Action item:
Word for word, transcribe the data below from the line with "их в поленницы." to the line with "Aviary Natural Parchment", keeping both of those lines.

Records to process:
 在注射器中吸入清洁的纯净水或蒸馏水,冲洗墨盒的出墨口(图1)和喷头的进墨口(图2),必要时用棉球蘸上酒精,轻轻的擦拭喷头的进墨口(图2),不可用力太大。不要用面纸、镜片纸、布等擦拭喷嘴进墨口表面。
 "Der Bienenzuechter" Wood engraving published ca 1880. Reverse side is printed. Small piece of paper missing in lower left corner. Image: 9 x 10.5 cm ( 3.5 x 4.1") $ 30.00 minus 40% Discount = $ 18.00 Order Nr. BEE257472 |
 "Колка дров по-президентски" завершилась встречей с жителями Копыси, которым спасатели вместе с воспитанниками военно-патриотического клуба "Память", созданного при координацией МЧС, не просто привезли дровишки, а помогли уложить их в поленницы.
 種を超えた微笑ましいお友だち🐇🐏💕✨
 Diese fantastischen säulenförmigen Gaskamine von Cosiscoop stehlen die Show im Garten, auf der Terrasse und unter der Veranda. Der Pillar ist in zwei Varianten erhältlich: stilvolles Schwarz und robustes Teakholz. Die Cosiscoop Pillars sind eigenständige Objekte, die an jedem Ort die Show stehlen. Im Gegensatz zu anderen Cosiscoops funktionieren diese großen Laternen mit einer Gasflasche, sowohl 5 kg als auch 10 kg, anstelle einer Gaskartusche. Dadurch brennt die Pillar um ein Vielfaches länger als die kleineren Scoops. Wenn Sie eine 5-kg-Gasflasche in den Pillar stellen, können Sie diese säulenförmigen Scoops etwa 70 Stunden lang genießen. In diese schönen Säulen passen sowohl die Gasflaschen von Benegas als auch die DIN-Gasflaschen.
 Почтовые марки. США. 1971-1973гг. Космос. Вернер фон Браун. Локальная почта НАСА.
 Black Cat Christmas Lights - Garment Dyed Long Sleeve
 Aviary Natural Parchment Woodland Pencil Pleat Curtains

--

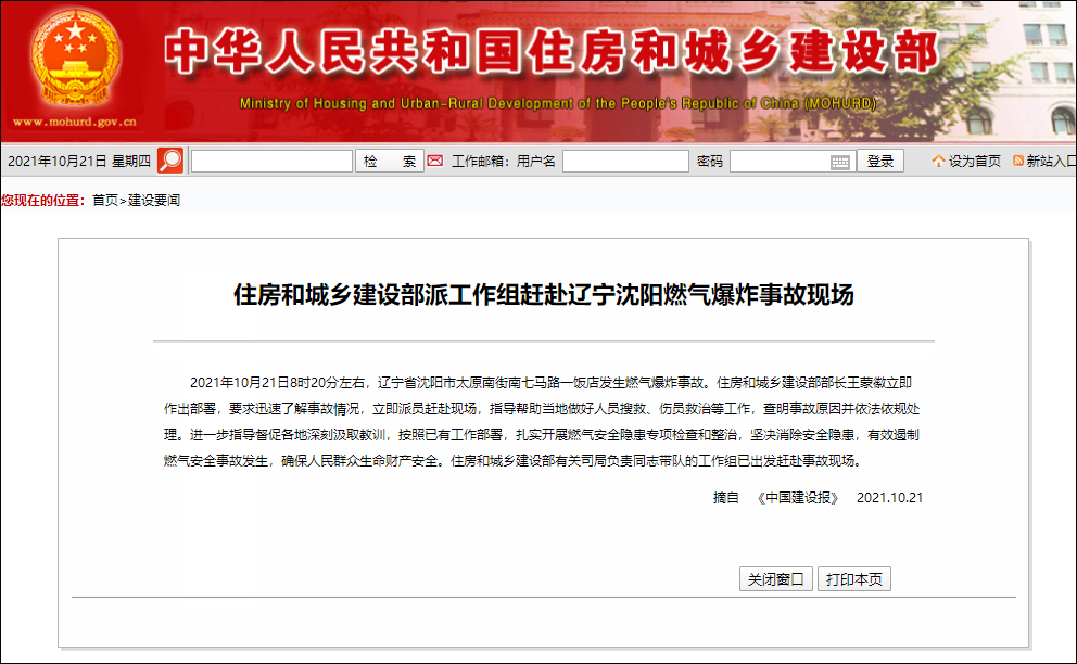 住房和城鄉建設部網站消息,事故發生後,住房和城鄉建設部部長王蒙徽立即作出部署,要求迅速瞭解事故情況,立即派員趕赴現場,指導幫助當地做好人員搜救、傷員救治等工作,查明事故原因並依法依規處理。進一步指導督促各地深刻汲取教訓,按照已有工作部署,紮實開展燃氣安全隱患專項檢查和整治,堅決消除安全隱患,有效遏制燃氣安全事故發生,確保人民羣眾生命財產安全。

...

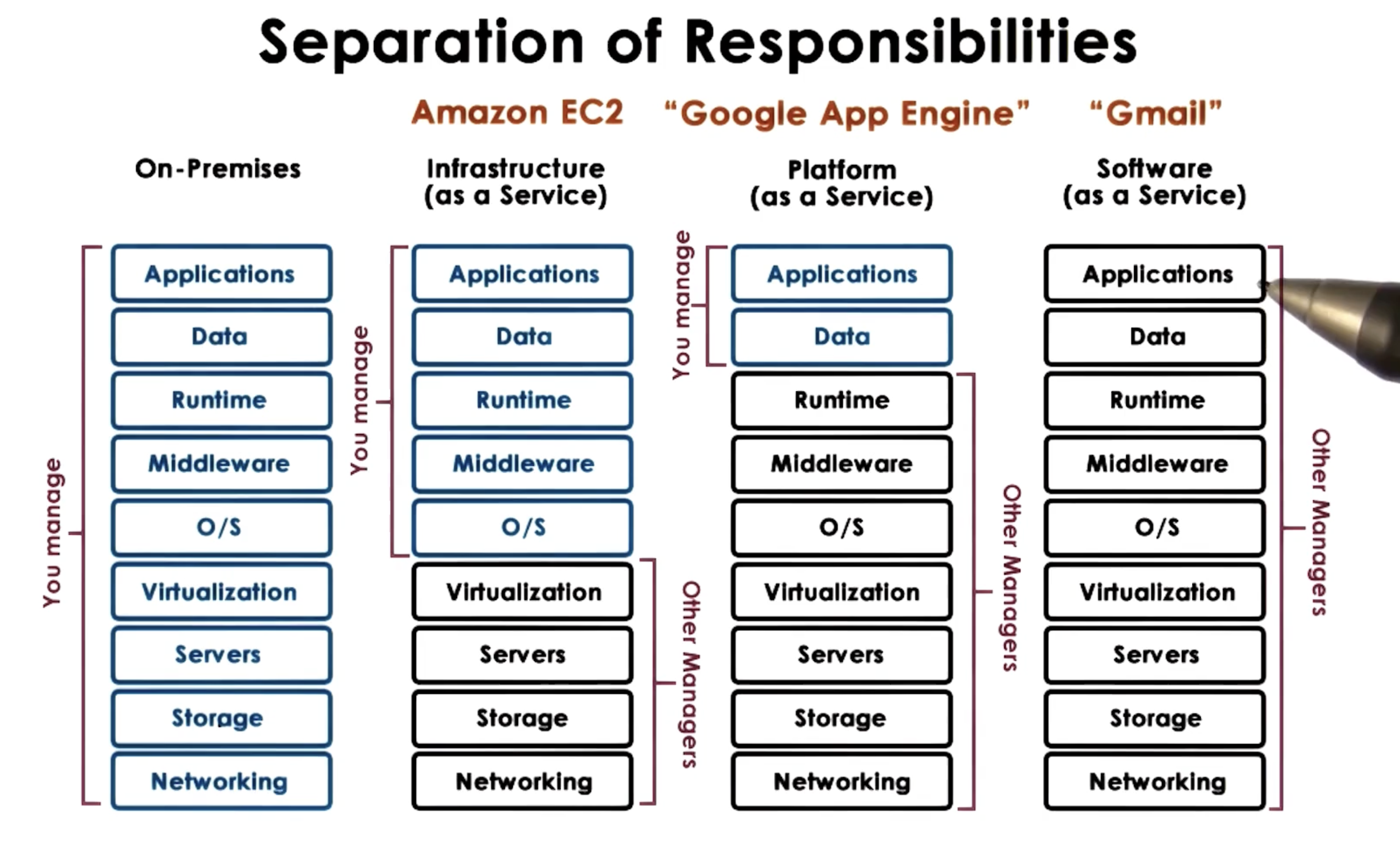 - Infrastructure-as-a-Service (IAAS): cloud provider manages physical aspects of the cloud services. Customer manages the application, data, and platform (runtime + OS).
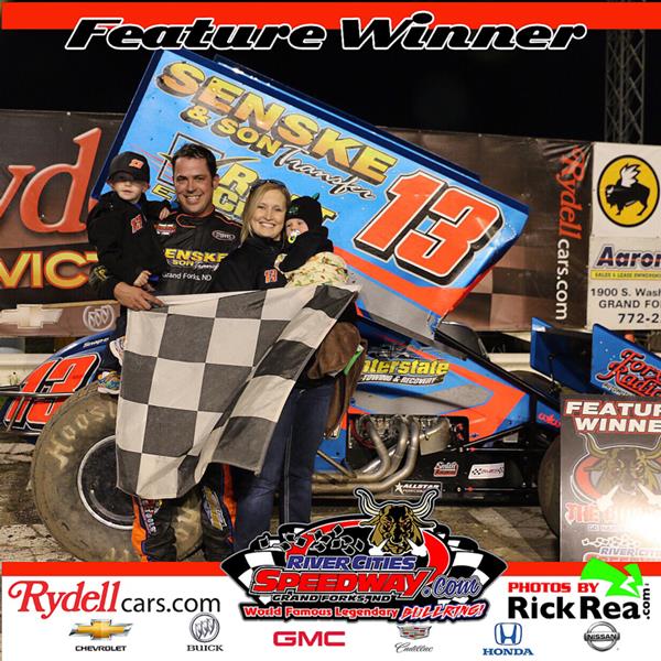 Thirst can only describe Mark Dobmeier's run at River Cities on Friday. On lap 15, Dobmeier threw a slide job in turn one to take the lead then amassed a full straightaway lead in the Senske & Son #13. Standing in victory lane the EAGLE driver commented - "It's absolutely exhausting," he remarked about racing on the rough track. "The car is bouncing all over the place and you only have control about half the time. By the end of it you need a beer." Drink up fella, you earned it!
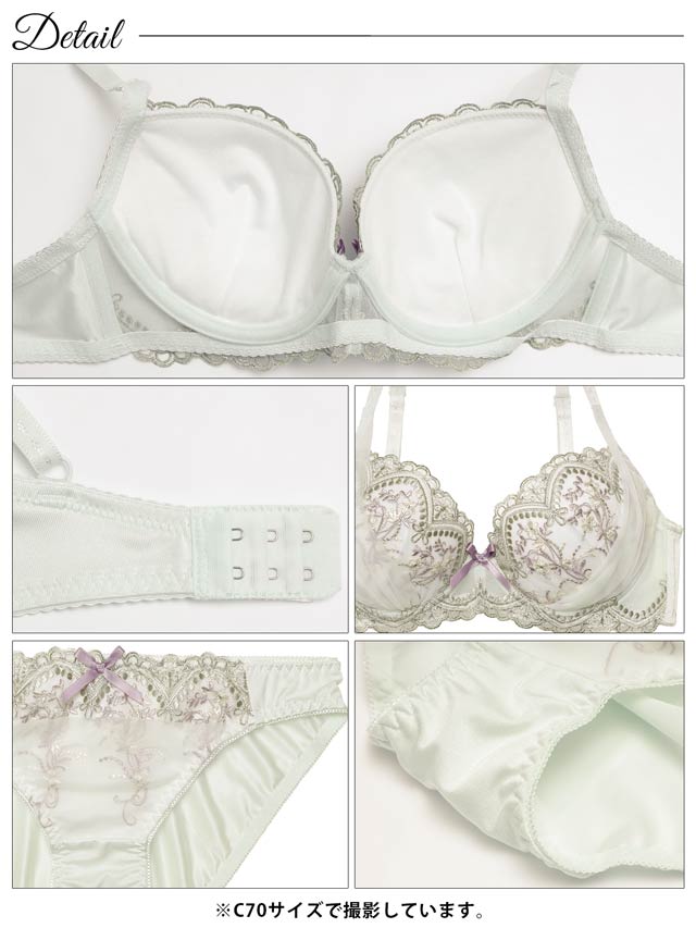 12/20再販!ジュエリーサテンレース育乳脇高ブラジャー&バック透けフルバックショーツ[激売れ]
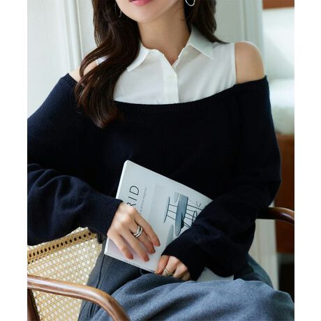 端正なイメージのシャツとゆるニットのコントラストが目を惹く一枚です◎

Solution:
 "Колка дров по-президентски" завершилась встречей с жителями Копыси, которым спасатели вместе с воспитанниками военно-патриотического клуба "Память", созданного при координацией МЧС, не просто привезли дровишки, а помогли уложить их в поленницы.
 種を超えた微笑ましいお友だち🐇🐏💕✨
 Diese fantastischen säulenförmigen Gaskamine von Cosiscoop stehlen die Show im Garten, auf der Terrasse und unter der Veranda. Der Pillar ist in zwei Varianten erhältlich: stilvolles Schwarz und robustes Teakholz. Die Cosiscoop Pillars sind eigenständige Objekte, die an jedem Ort die Show stehlen. Im Gegensatz zu anderen Cosiscoops funktionieren diese großen Laternen mit einer Gasflasche, sowohl 5 kg als auch 10 kg, anstelle einer Gaskartusche. Dadurch brennt die Pillar um ein Vielfaches länger als die kleineren Scoops. Wenn Sie eine 5-kg-Gasflasche in den Pillar stellen, können Sie diese säulenförmigen Scoops etwa 70 Stunden lang genießen. In diese schönen Säulen passen sowohl die Gasflaschen von Benegas als auch die DIN-Gasflaschen.
 Почтовые марки. США. 1971-1973гг. Космос. Вернер фон Браун. Локальная почта НАСА.
 Black Cat Christmas Lights - Garment Dyed Long Sleeve
 Aviary Natural Parchment Woodland Pencil Pleat Curtains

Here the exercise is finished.